Figure 3 illustrates the primary structure of a 1U CubeSat with protruding rails and the available surface area (colored in blue) on which the antenna can be mounted on the ±Z side. This figure also shows the unavailable areas in which the rails are located (colored in red). The metallic and non-metallic parts of the antenna are indicated in yellow and white, respectively. Our proposed X-band EBG MPAs for circular polarization (CP) are designed as shown in Figure 4. The antenna includes an outer ring of 16 mushroom-like EBG elements, which surround the main patch radiator at the center; these components are located on the top layer of the antenna and are all made of copper. Each EBG element has a connecting via at the center that connects them through the dielectric substrate to a normal copper ground layer. The dielectric substrate is Rogers RT5880 which has the thickness h = 1.6 mm and the permittivity ε = 2.2. The gaps between the EBG elements and the presence of these connecting vias form the L and C components of the mushroom EBG structure, as explained above. When the EBG elements are arranged periodically in a ring around the center patch radiator, a composite surface with a frequency-selective bandgap behavior is created. Furthermore, the EBG ring modifies the local effective permittivity and permeability in the areas where it is present, resulting in the suppression of the surface wave propagation. Therefore, the metamaterial characteristics of the antenna structure have been created.

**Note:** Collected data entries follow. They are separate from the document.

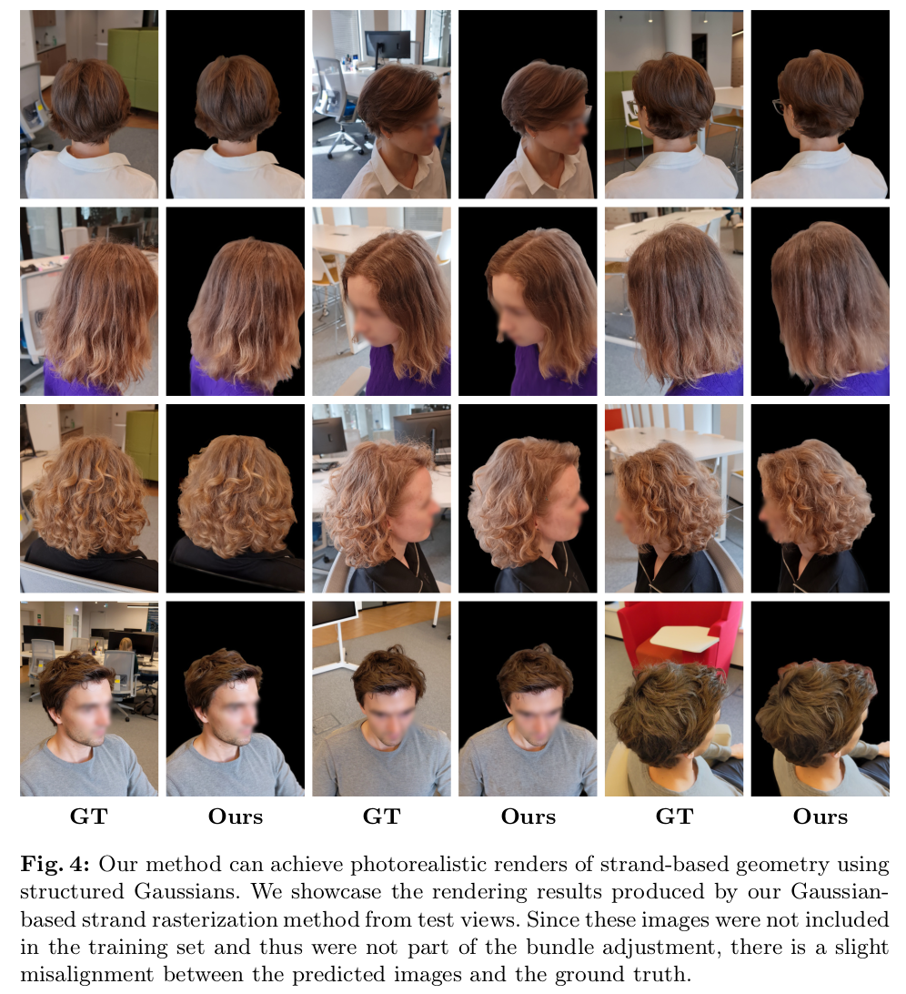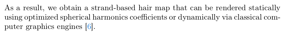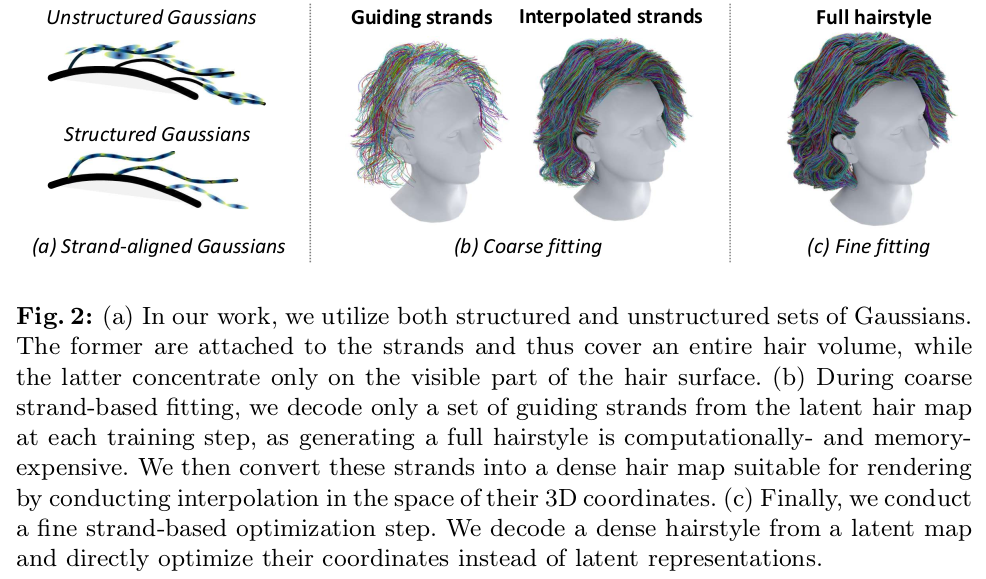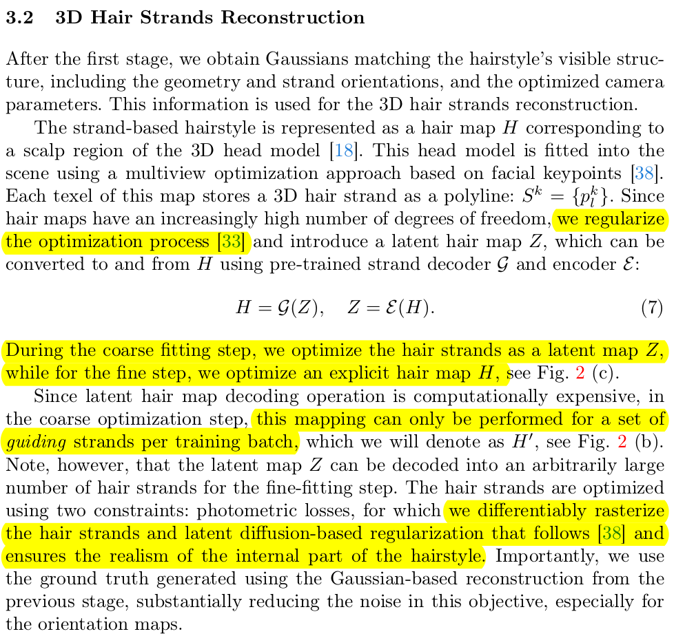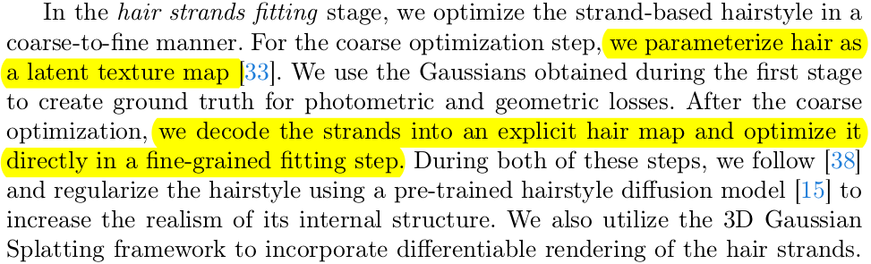 2) neural strands랑 똑같이, scalp texture에서 latent decoding해서 hair strand 생성 3) gaussian 할당 후 학습 -> 이 때 1)에서 만든 unstructured 3DGS로 렌더링한 무수히 많은 이미지를 죄다 사용했을 것으로 보임. |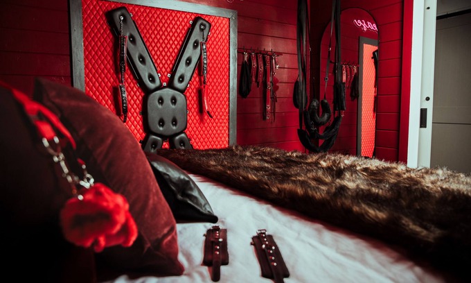 Step into a fantasy brought to life—dim lighting, plush King bed with discreet restraints, and freedom to explore your desires. Surrender or take control in a space built for indulgence. Heat things up with the Bondage Cross, a striking symbol of dominance, or playfully restrain your partner in the Sex Swing for endless submission and motion.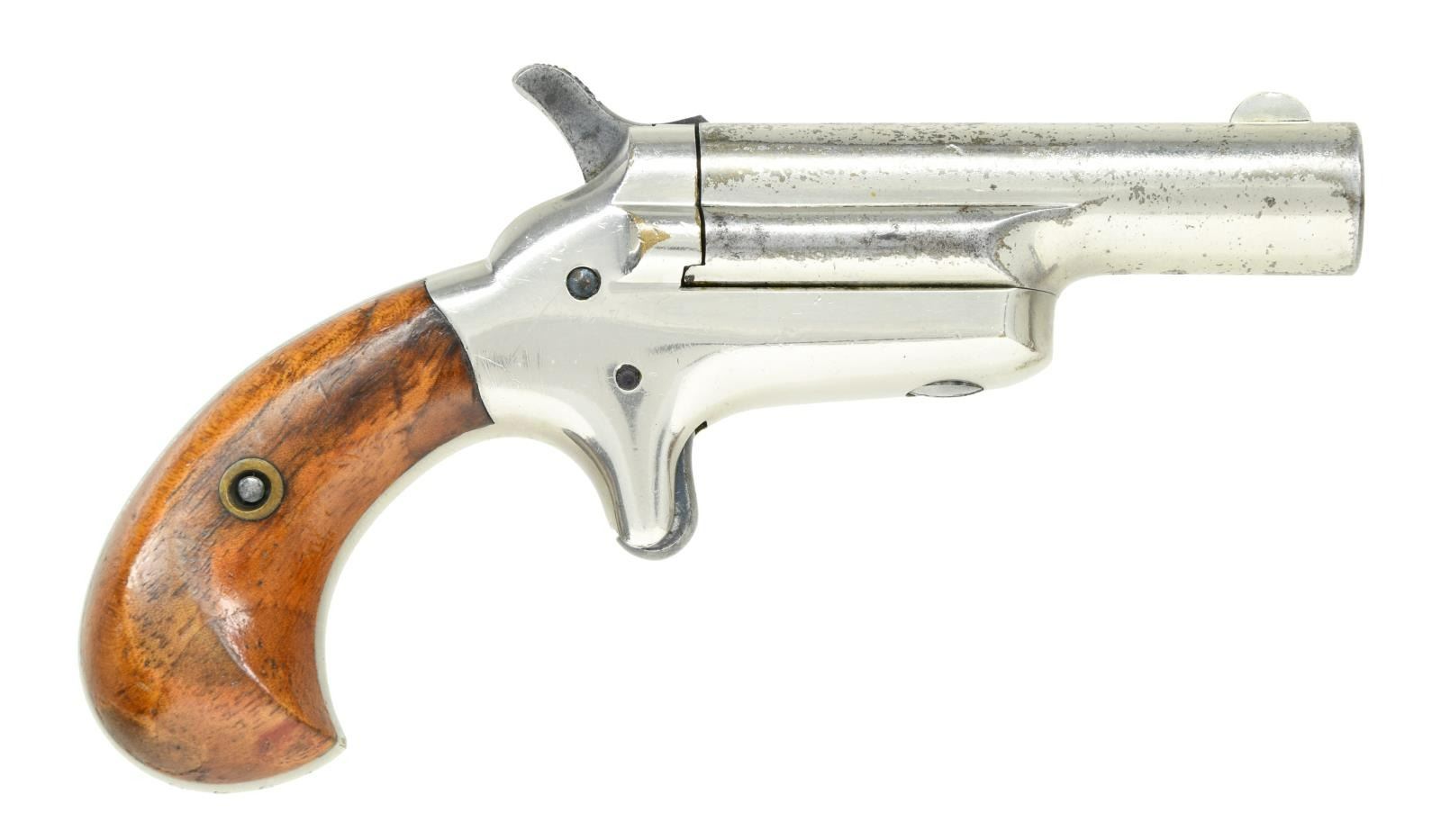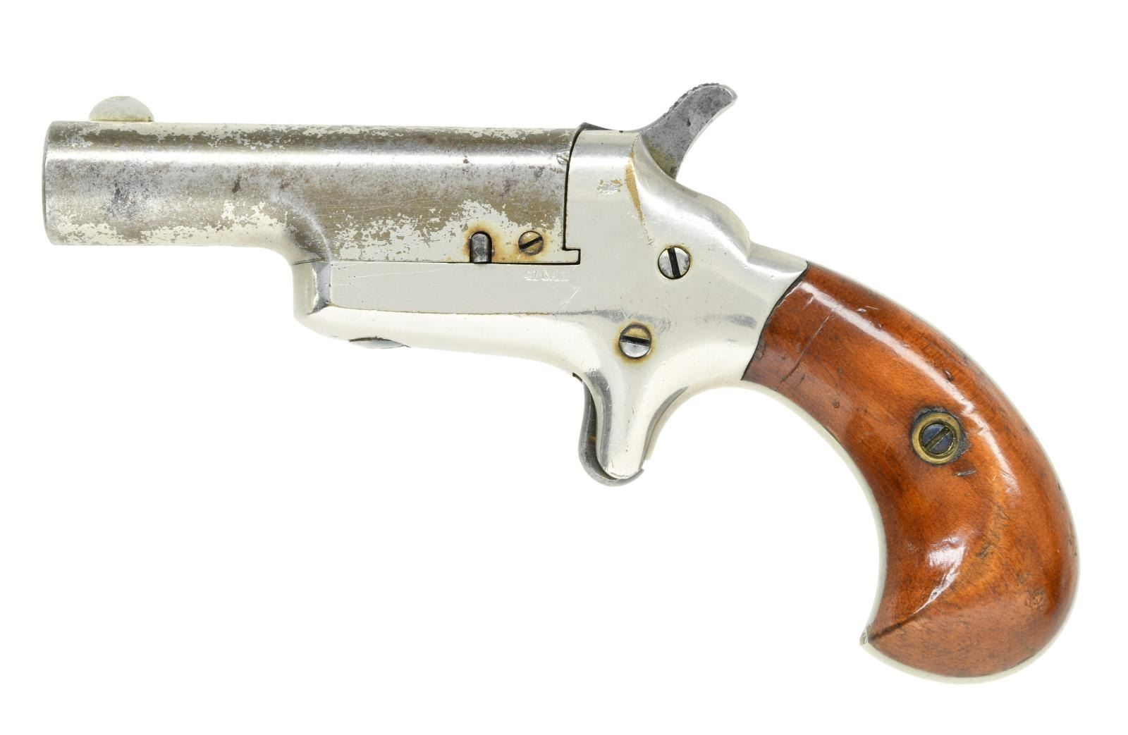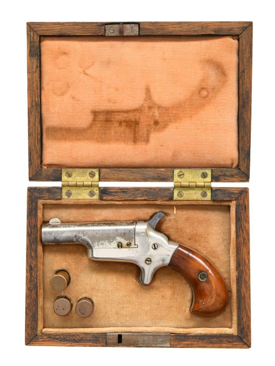 VARIATION DERRINGER. Cal. 41. S# 1528. Standard configuration, 2.5" barrel, nickel plated, large slanted block letters "COLT", spur trigger, 2 piece varnished walnut birds head grips. Housed in old French fitted case which appears contemporary to manufacture in late Victorian era. CONDITION: very good overall, frame retains most of its original nickel finish and barrel retains about 70%. Small British proofs found on frame and barrel. Grips retain most of their original factory varnish. Casing is very good overall, red lining is heavily faded. PROVENANCE: Little John's Auction 1998, Exemplary Colt collection of Horst Kreiner. (23-5000/JS). CURIO. $600-800.

Each EBG element has the dimensions of 10 mm × 10 mm, which is the same as that of the center patch radiator, and the spacing between two adjacent EBG elements is 2 mm. The four outer corners of the antenna are cut off to allow it to be mounted on the CubeSat surface without touching the rails, and each cut-out square is 15 mm × 15 mm in size. Though the EBG ring is the main factor in increasing the antenna gain, these truncated corners also contribute to this increment, as will be discussed later. The input impedance of the antennas is 50 Ohms, and the center square patch is fed by a single-probe feed using an SMA connector from the antenna ground plane.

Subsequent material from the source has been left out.